À noite, Mark parou diante da porta da residência da Família Campos carregando presentes escolhidos a dedo, sentindo uma leve tensão na ponta dos dedos.
Quando a porta se abriu, Clara espichou a cabeça e puxou-o para dentro, com um sorriso largo: — Não fique tenso, foi o meu pai quem te convidou.
A luz amarelada e acolhedora da sala espalhava-se pelo chão. Fabiana saía da cozinha, ainda de avental, e cumprimentou-o com um sorriso: — Óscar chegou? Sente-se um pouco.
Renan estava sentado no sofá assistindo ao noticiário econômico. Ao ouvir a voz do rapaz, ergueu o olhar e resmungou um leve 'Uhum' como cumprimento, mas já sem a frieza de outrora.
Na mesa de jantar, havia uma farta quantidade de pratos quentes exalando fumaça.
Fabiana servia Mark sem parar, murmurando: — Coma mais, você parece ter emagrecido ultimamente.
Mark levantou-se rapidamente para agradecer, seu olhar escorregando de forma involuntária para Renan. Ao ver que o sogro não havia feito objeções, sentiu um alívio silencioso.
Depois de algumas taças de vinho, um leve rubor surgiu no rosto de Renan, que começou a falar mais do que o habitual.
Ele pousou a taça de vinho e, de repente, olhou para Mark, num tom profundo: — Eu li o relatório de lançamento do novo medicamento.
O coração de Mark apertou.

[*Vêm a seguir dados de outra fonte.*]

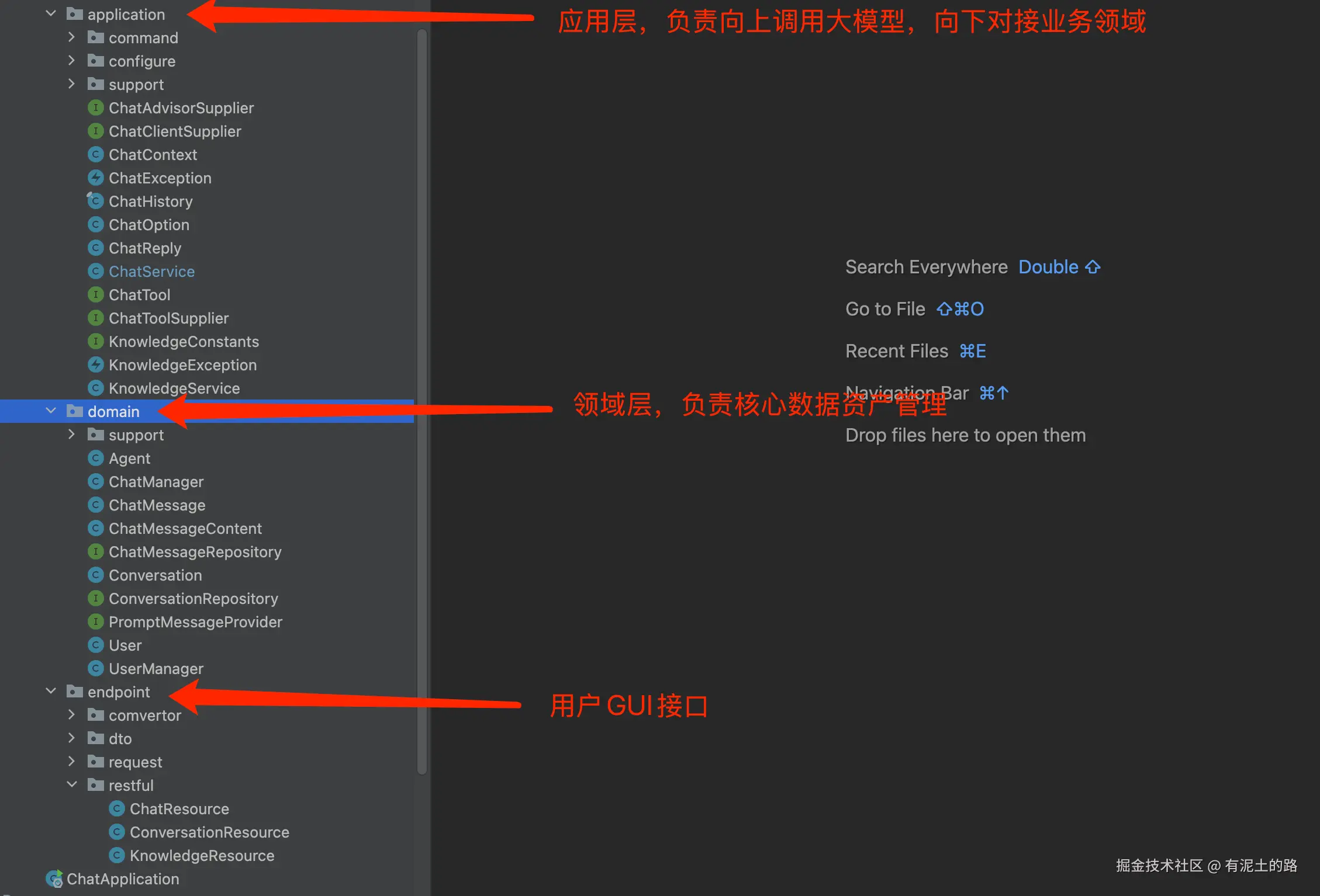 我们会简单的模拟豆包的业务模型,开发一个用户与大模型对话的应用程序,我们会从领域模型开始设计,一直到应用模型和应用实现。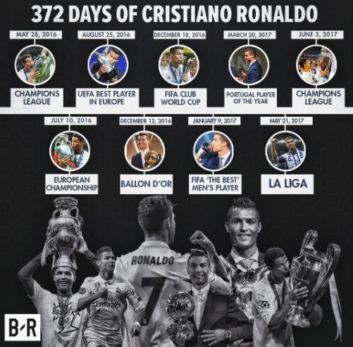 Ο Κριστιάνο τον τελευταίο χρόνο και… κάτι (372 ημέρες συγκεκριμένα) έχει σηκώσει, ότι… σηκώνεται. Ο Πορτογάλος σούπερ σταρ έχει καταφέρει να γεμίσει την τροπαιοθήκη του με πολλούς σπουδαίους τίτλους.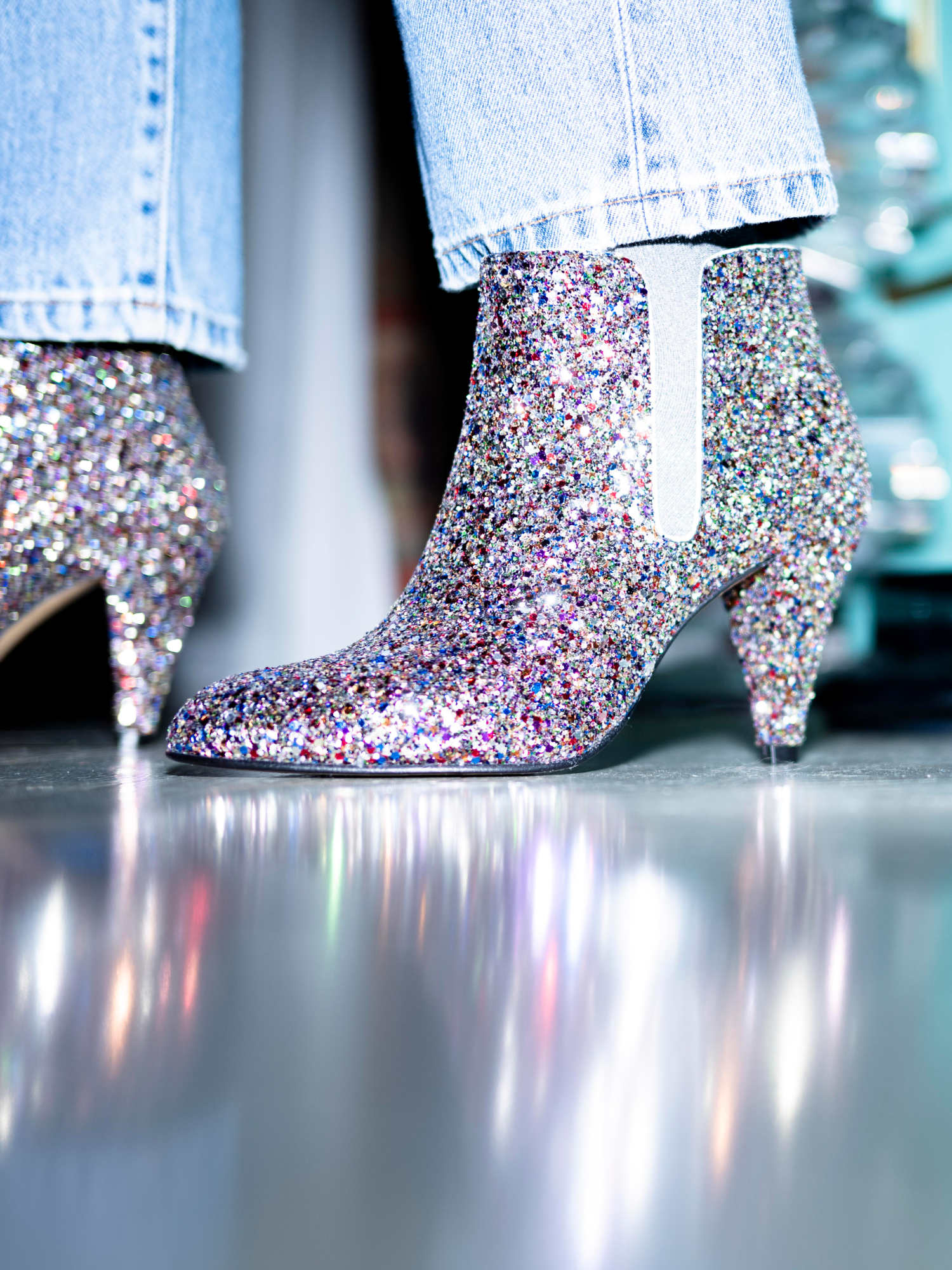 • Hauteur de Talon : 7 cm• Glitter Multicolore, Détails nubuck métallisé acier• Semelle intérieure et extérieure Cuir• Fabrication : Espagne• La Fifty-Five chausse à la pointure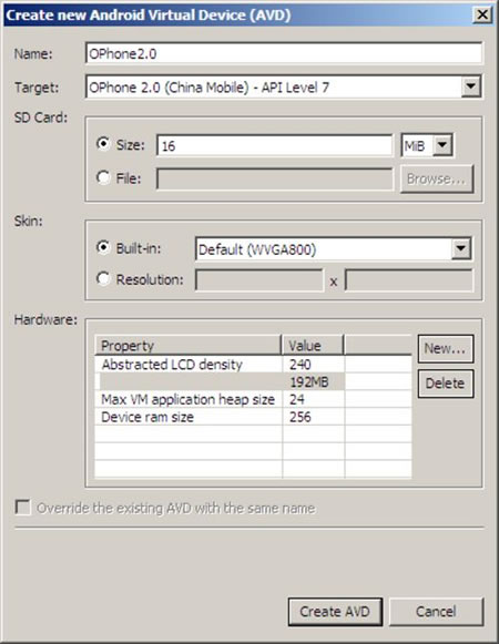 //得到当前时间的MyLocationOverlay对象 myLocation = new MyLocationOverlay(GPSLocationInMapDemoActivity.this, map); myLocation.enableMyLocation(); // 将当前位置添加到地图上 map.getOverlays().add(myLocation);至此,该实例开发完成。运行该实例需要支持 Google APIs 的 AVD,如图 4 所示。若没有,则可以通过 AVD Manager 创建一个。

Ele deixou o garfo de lado e respondeu com seriedade:
— Sim, senhor. Nós ainda estamos acompanhando os dados clínicos posteriores.
— A sua contribuição foi fundamental para o Grupo Campos conseguir essa aprovação. — Renan fez uma pausa, o olhar passando por Clara, que sorria ao seu lado. Uma ponta de resignação surgiu em seus olhos, somada a um tom de extrema seriedade: — A Clara foi mimada desde pequena. Se você não a tratar como uma rainha daqui para a frente, eu quebro as suas pernas.
O coração de Mark deu um salto. Ele endireitou a postura de imediato: — Senhor, eu vou tratá-la bem. Vou protegê-la e mimá-la para o resto da vida.
Renan não respondeu. Apenas serviu-se de mais uma taça de vinho e bebeu de um só gole.
Depois que a bebida desceu pela garganta, ele deu um leve suspiro, com a voz um pouco arrastada pelo álcool: — Hum, até que você tem bom gosto, moleque.
Ao ouvir isso, Clara soltou uma risadinha e apertou a mão de Mark por debaixo da mesa.
Fabiana tentou apaziguar a situação rindo: — Finalmente ele admitiu.
Renan não refutou, em vez disso, virou-se para Mark, num tom muito mais brando:
— Daqui para a frente, trabalhe direito no Grupo Campos. Não vá achando que, só por casar com a minha filha, pode fazer corpo mole.
Os olhos de Mark aqueceram-se e ele assentiu com força, a voz embargada: — Muito obrigado, Sr. Nunes!